Objective: To evaluate clinical practices and hospital resource organization during the early COVID-19 pandemic in Brazil.

Methods: This was a multicenter, cross-sectional survey. An electronic questionnaire was provided to emergency department and intensive care unit physicians attending COVID-19 patients. The survey comprised four domains: characteristics of the participants, clinical practices, COVID-19 treatment protocols and hospital resource organization.

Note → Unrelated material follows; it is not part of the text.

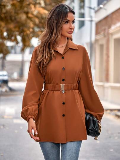 Button Front Drop Shoulder Belted Shirt - Brown - View 1

Results: Between May and June 2020, 284 participants [median (interquartile ranges) age 39 (33 - 47) years, 56.3% men] responded to the survey; 33% were intensivists, and 9% were emergency medicine specialists. Half of the respondents worked in public hospitals. Noninvasive ventilation (89% versus 73%; p = 0.001) and highflow nasal cannula (49% versus 32%; p = 0.005) were reported to be more commonly available in private hospitals than in public hospitals. Mechanical ventilation was more commonly used in public hospitals than private hospitals (70% versus 50%; p = 0,024). In the Emergency Departments, positive endexpiratory pressure was most commonly adjusted according to SpO2, while in the intensive care units, positive end-expiratory pressure was adjusted according to the best lung compliance. In the Emergency Departments, 25% of the respondents did not know how to set positive end-expiratory pressure. Compared to private hospitals, public hospitals had a lower availability of protocols for personal protection equipment during tracheal intubation (82% versus 94%; p = 0.005), managing mechanical ventilation [64% versus 75%; p = 0.006] and weaning patients from mechanical ventilation [34% versus 54%; p = 0.002]. Finally, patients spent less time in the emergency department before being transferred to the intensive care unit in private hospitals than in public hospitals [2 (1 - 3) versus 5 (2 - 24) hours; p < 0.001].

Conclusion: This survey revealed significant heterogeneity in the organization of hospital resources, clinical practices and treatments among physicians during the early COVID-19 pandemic in Brazil.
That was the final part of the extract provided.